Below, locate the line that contains "green throat | |". Repeat exactly from that line to the line that contains "Merely two blocks", inclusive, leaving out the pictures.

● Provided data:

+ + + + + + +

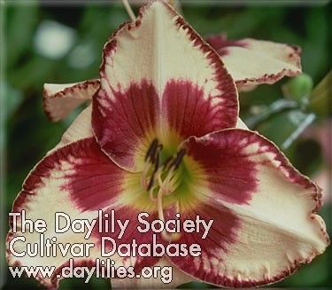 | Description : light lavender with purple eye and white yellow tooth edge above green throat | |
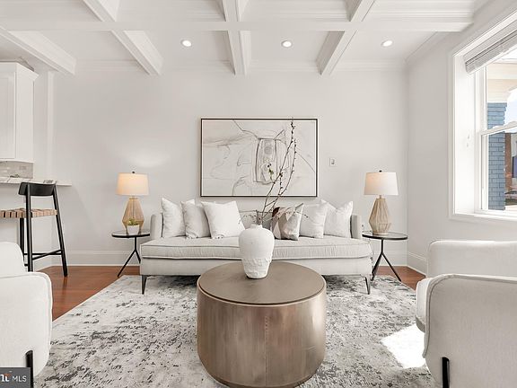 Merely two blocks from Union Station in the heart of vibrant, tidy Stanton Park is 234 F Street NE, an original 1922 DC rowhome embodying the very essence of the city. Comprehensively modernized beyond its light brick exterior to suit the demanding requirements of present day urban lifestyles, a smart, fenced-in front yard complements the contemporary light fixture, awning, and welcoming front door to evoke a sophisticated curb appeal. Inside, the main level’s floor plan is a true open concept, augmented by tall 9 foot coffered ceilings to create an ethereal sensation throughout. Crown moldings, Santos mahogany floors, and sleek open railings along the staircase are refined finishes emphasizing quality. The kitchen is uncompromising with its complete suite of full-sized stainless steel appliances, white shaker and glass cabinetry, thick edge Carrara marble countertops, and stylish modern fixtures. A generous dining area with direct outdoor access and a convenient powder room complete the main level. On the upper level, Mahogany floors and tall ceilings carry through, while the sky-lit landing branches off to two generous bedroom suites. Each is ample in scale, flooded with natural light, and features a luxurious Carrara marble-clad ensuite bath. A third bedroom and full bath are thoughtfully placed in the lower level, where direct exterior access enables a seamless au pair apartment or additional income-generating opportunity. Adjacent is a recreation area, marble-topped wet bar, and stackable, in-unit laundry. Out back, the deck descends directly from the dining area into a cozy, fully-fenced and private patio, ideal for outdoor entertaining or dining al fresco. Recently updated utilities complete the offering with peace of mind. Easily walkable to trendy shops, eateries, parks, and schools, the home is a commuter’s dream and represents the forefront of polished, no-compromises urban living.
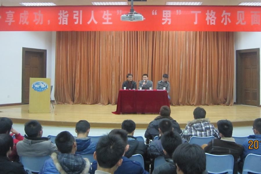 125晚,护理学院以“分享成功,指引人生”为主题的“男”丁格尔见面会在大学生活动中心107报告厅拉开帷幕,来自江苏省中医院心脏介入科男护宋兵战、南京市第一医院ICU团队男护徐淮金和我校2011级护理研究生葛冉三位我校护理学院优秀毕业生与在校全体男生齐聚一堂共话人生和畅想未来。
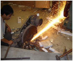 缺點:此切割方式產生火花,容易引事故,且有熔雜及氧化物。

+ + + + + + +

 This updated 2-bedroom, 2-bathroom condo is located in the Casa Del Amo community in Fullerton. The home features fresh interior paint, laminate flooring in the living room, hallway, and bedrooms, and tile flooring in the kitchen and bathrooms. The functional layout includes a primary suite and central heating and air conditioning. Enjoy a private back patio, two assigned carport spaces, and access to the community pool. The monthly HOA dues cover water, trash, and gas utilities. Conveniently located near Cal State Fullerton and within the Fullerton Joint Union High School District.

+ + + + + + +

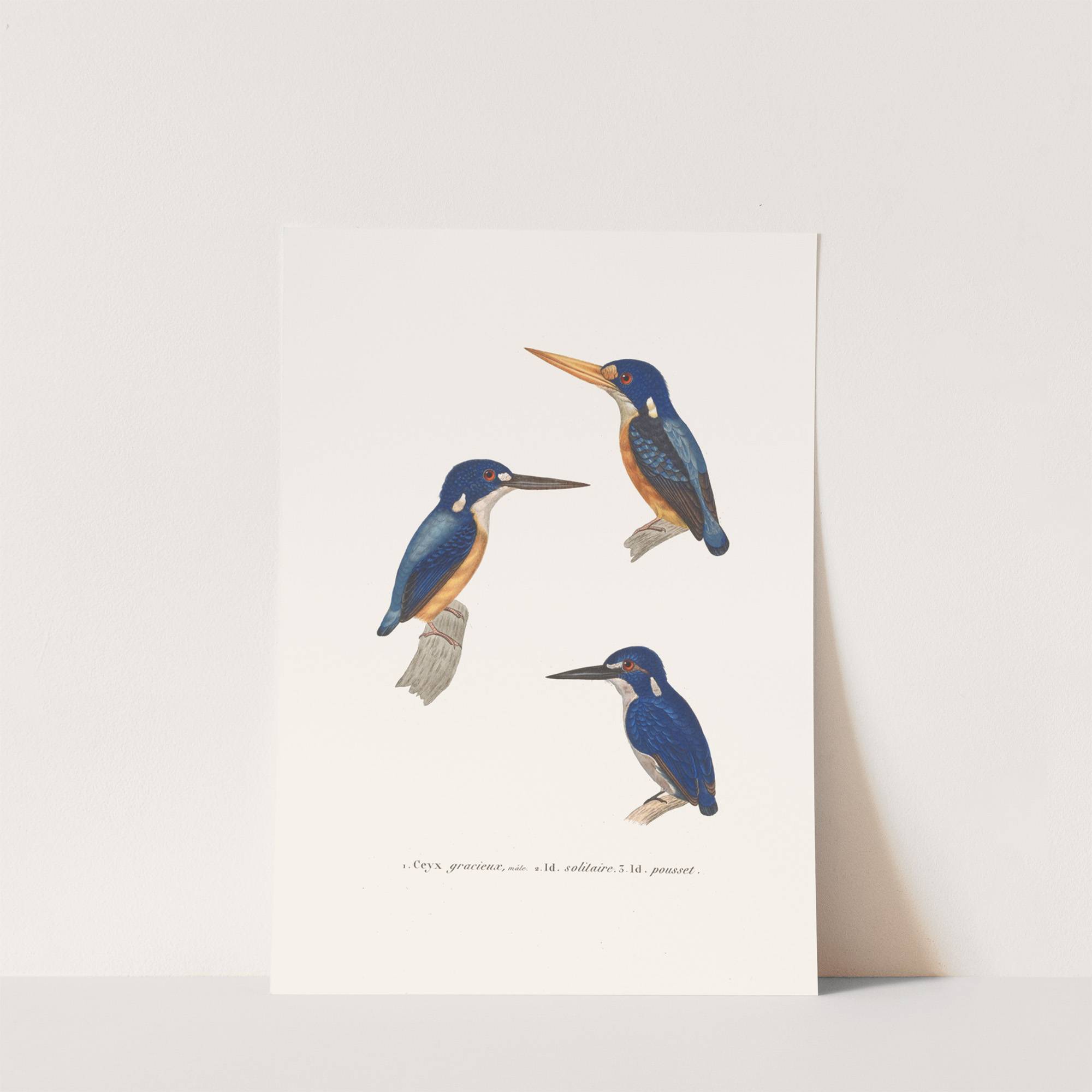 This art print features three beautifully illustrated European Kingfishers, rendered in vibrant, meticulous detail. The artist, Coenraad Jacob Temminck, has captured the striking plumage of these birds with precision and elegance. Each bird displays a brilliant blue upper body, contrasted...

+ + + + + + +

● Written answer:
 | Description : light lavender with purple eye and white yellow tooth edge above green throat | |
 Merely two blocks from Union Station in the heart of vibrant, tidy Stanton Park is 234 F Street NE, an original 1922 DC rowhome embodying the very essence of the city. Comprehensively modernized beyond its light brick exterior to suit the demanding requirements of present day urban lifestyles, a smart, fenced-in front yard complements the contemporary light fixture, awning, and welcoming front door to evoke a sophisticated curb appeal. Inside, the main level’s floor plan is a true open concept, augmented by tall 9 foot coffered ceilings to create an ethereal sensation throughout. Crown moldings, Santos mahogany floors, and sleek open railings along the staircase are refined finishes emphasizing quality. The kitchen is uncompromising with its complete suite of full-sized stainless steel appliances, white shaker and glass cabinetry, thick edge Carrara marble countertops, and stylish modern fixtures. A generous dining area with direct outdoor access and a convenient powder room complete the main level. On the upper level, Mahogany floors and tall ceilings carry through, while the sky-lit landing branches off to two generous bedroom suites. Each is ample in scale, flooded with natural light, and features a luxurious Carrara marble-clad ensuite bath. A third bedroom and full bath are thoughtfully placed in the lower level, where direct exterior access enables a seamless au pair apartment or additional income-generating opportunity. Adjacent is a recreation area, marble-topped wet bar, and stackable, in-unit laundry. Out back, the deck descends directly from the dining area into a cozy, fully-fenced and private patio, ideal for outdoor entertaining or dining al fresco. Recently updated utilities complete the offering with peace of mind. Easily walkable to trendy shops, eateries, parks, and schools, the home is a commuter’s dream and represents the forefront of polished, no-compromises urban living.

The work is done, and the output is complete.